Lorsque je revins dans ma chambre, Abrahel s'était déjà glissé sous les draps. Il semblait acquis que je n'aurais pas non plus mon mot à dire quant au choix du côté du lit. Elle dormait, ou peut être faisait mine de dormir. Je jetai un dernier coup d'œil sur la masse de cheveux rougeoyants étalés sur mon oreiller avant d'éteindre la lumière. Une fois ma chambre plongée dans la pénombre, je mis mon plan à exécution. Je soulevai les draps et pris place sur le peu d'espace qu'elle me laissait sur le matelas. Le contact entre nos corps fut inéluctable et lorsque ma main effleura son bassin, je constatai qu'elle était nue. Au contact de sa peau, je sentis mon cœur s'accélérer. Cela s'accompagna bien entendu de toutes les autres réactions physiologiques qu'un homme peut endurer dans ce genre de situation. En d'autres termes je n'étais pas près de m'endormir. Je pivotai sur le côté afin de lui tourner le dos, mais le contact de ses fesses contre les miennes fut encore plus insupportable. Mon excitation venait d'atteindre une sorte de paroxysme.

N'y pense pas.
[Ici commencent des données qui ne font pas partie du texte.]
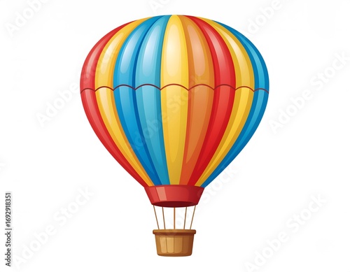 © ZAKHI, Fototapeta premium Colorful hot air balloon illustration with red basket and ropes against a white background.
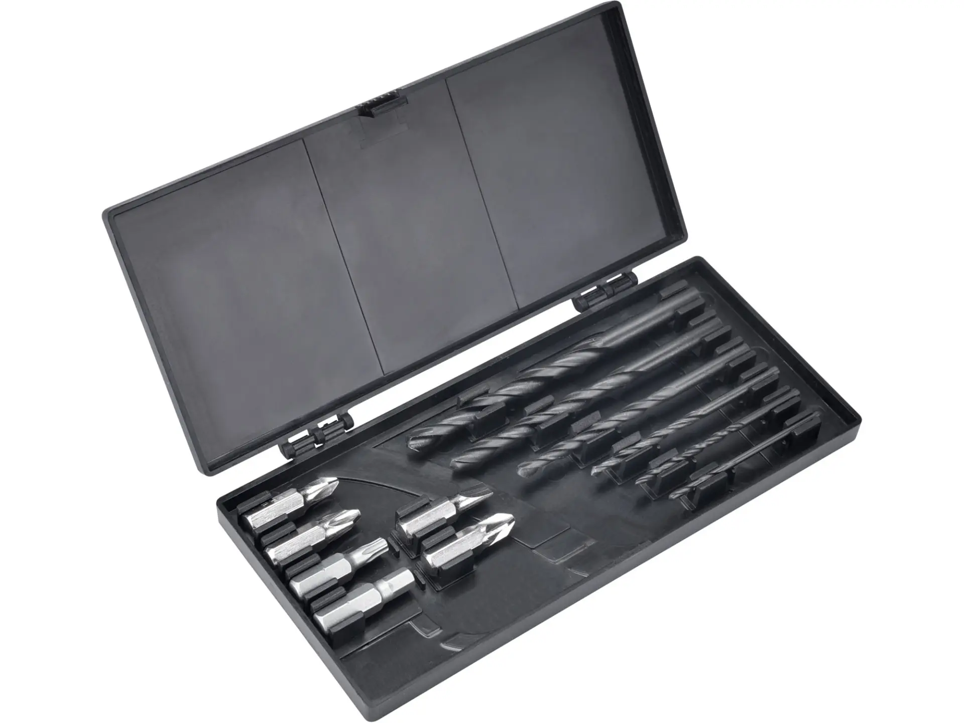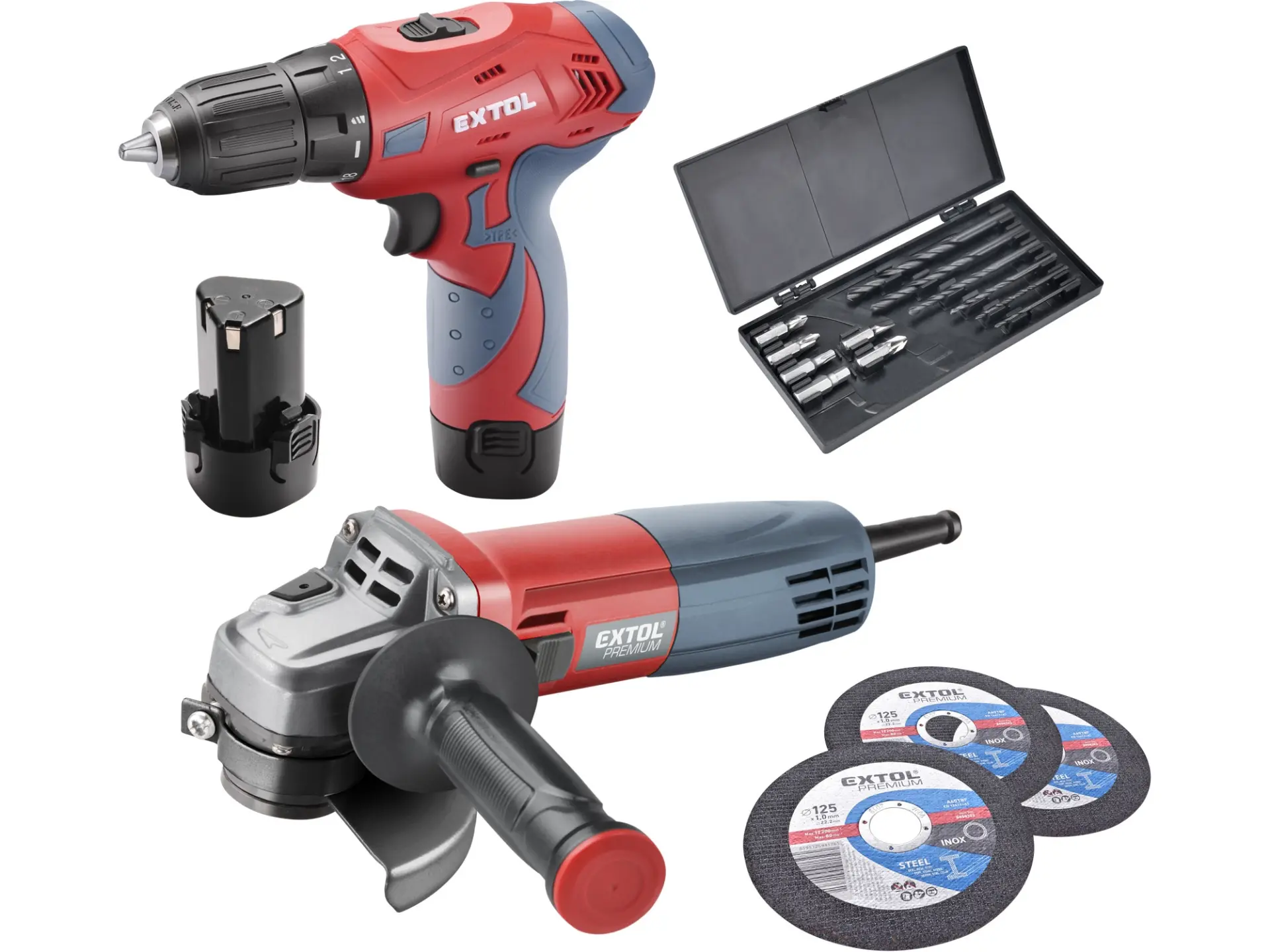 Akční sada obsahující nejpopulárnější elektrické nářadí pro práci - aku vrtací šroubovák a úhlovou brusku. Lehký a výkonný dvourychlostní vrtací šroubovák v ultra kompaktní velikosti je ideální pro středně těžké vrtání a šroubování do kovu a dřeva. Malá, praktická bruska určená pro lehké řezací a brusné práce, odbrušování svařovacích švů apod. Kompaktní rozměry umožňují pohodlnou práci jednou rukou. Celá sada je uložena v kvalitním boxu, který je kompatibilní s Extol Premium boxy. Součástí sady je také pouzdro s vrtáky a hroty a řezací kotouče. Tech. parametry úhlová bruska napětí/frekvence 230V/50Hz příkon 750W průměr kotouče 125mm závit vřetene M14 otáčky 11000/min závit rukojeti M8 hmotnost 1,7kg vrtací šroubovák aku baterie 12V Li-ion (2x) kapacita baterie 1500mAh otáčky I. 0-350/min, II. 0-1350/min L/P chod ano rychloupínací hlava polokovová, 3/8" průměr vrtáku 0,8-10mm stupňů utah. momentu 18+vrtání max. utahovací moment 21/14Nm nabíjení baterie cca 1,5h v kufru ano hmotnost s baterií 0,9kg příslušenství vrtáky 1-2-3-4-5-6mm, bity (-) 5-6mm, PH 1-2, PZ 1-2, sada 12ks, řezný kotouč 125x1mm, 3ks
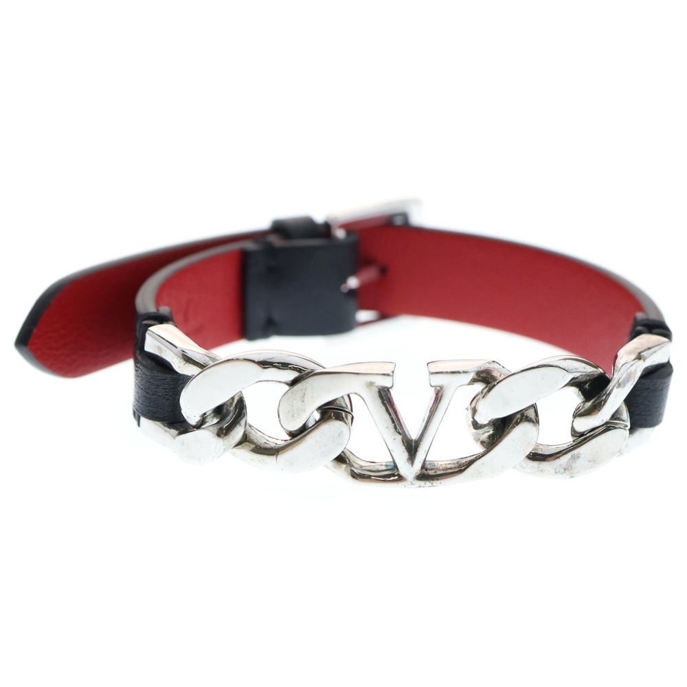 VALENTINO GARAVANI ヴァレンチノガラヴァーニ ロゴモチーフ チェーン レザー ブレスレット ブラック/レッド XY9J0Q02VTM
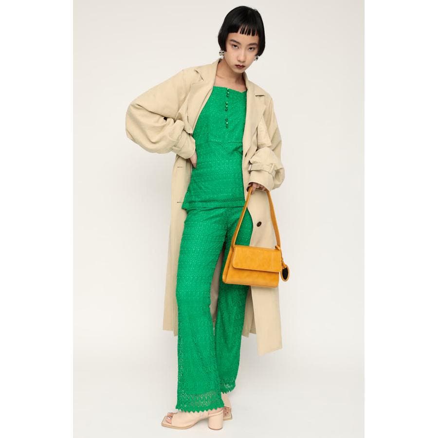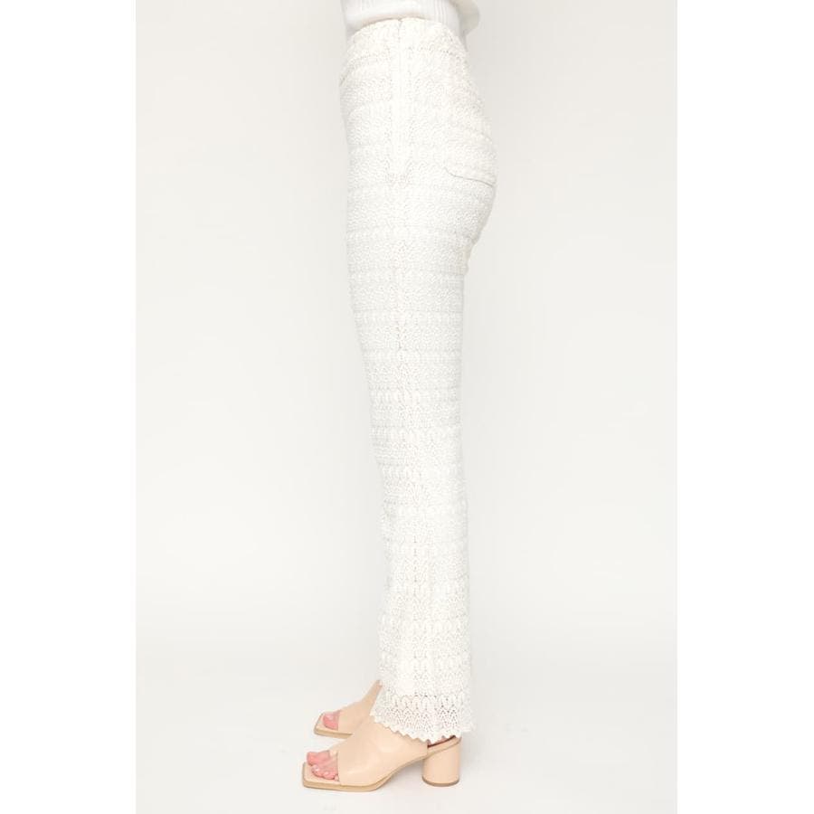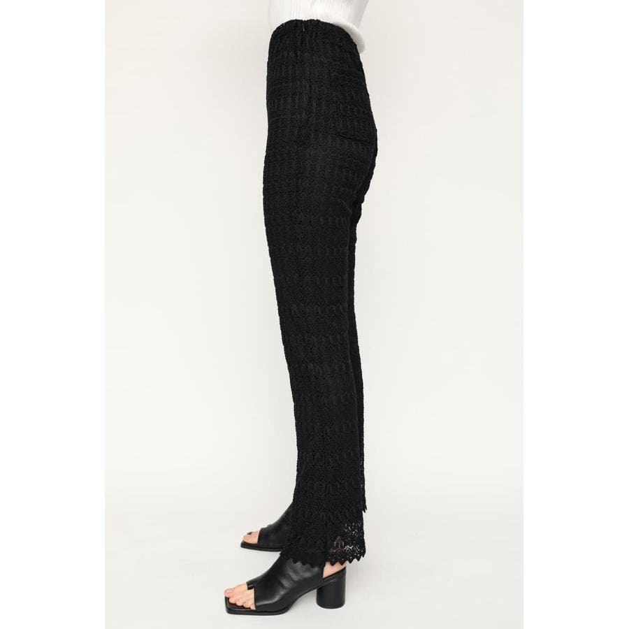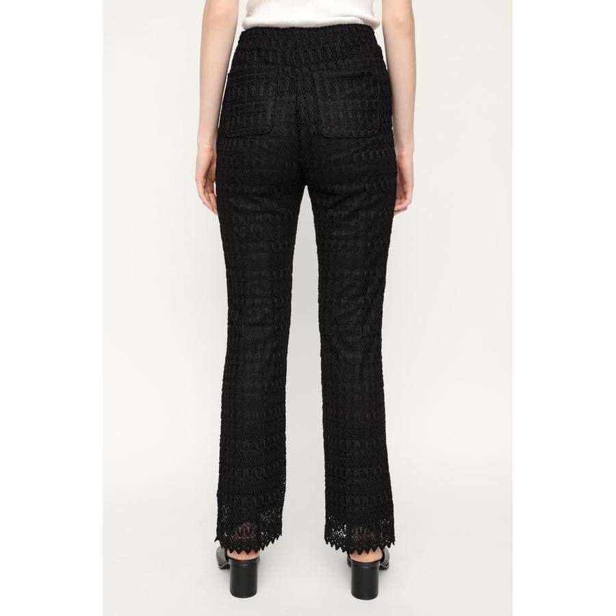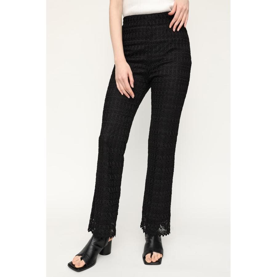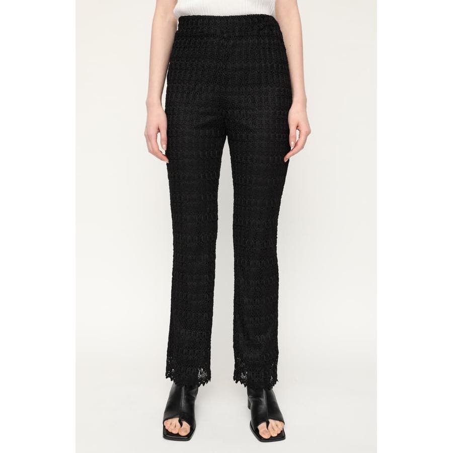 春を感じられるストレッチの効いたレースを使用したフレアパンツ。程よい太さで膝上を細くしているシルエットなので、足をきれいに見せてくれます。シンプルなカットトップスを合わせるだけで様になるアイテム。同シリーズのトップス(030FSY80-0930)とセットアップで合わせるスタイリングも今季おすすめです。

Ne pense à rien, me répétai-je.

Le succès de cette séance d'auto-persuasion fut plus que limité.

- Abrahel, murmurai-je.

- Mmmm, me répondit une voix dans mon dos.

- Tu dors?

- Mmmm, répéta-t-elle.

-  C'est bizarre que tu aies besoin de dormir, vu que tu n'as pas besoin de manger...

Ma réflexion la laissa de marbre. Elle ne répondit rien.

- Abrahel, murmurai-je à nouveau.

- Quoi?

- Je me demandais: les hommes que tu tues en leur faisant l'amour, de quoi est-ce qu'ils meurent? Je veux dire, est ce qu'ils souffrent ou c'est juste un truc genre crise cardiaque ?

- Non, ils ne souffrent pas, chuchota-t-elle. C'est un peu dommage d'ailleurs. En fait, au moment où ils jouissent, ils éprouvent un plaisir si intense que leur corps n'est plus capable d'effectuer aucune fonction vitale. Ils sont en quelques sortes submergés par le plaisir.

- Ah... fis-je.

La tension était toujours à son comble dans mon caleçon et les dernières paroles d'Abrahel n'arrangeaient pas les choses. Je méditai un instant sur ce qu'elle venait de dire avant de reprendre:

- Abrahel?

- Quoi encore?

je crus discerner un soupçon d'exaspération dans sa voix.

- Ça ne te fait pas bizarre, toi et moi, dans ce lit?

- Si, répondit-elle sur un ton sec. Moi aussi je trouve ça chiant, mais là, j'aimerais vraiment dormir.

Je ne savais pas exactement ce que j'avais espéré comme réponse, mais vraisemblable net ça n'était pas celle-là.

- Ah, conclus-je. Alors bonne nuit.

Je me tournai sur le dos. Alors que je commençai à observer le plafond de ma chambre (en étant tout à fait conscient que cette contemplation risquait de durer pas mal de temps), une évidence s’imposa à moi: son côté dangereux rendait Abrahel encore plus désirable. Je me mis même à penser que mourir dans ses bras, ça ne devait pas être si mal que ça.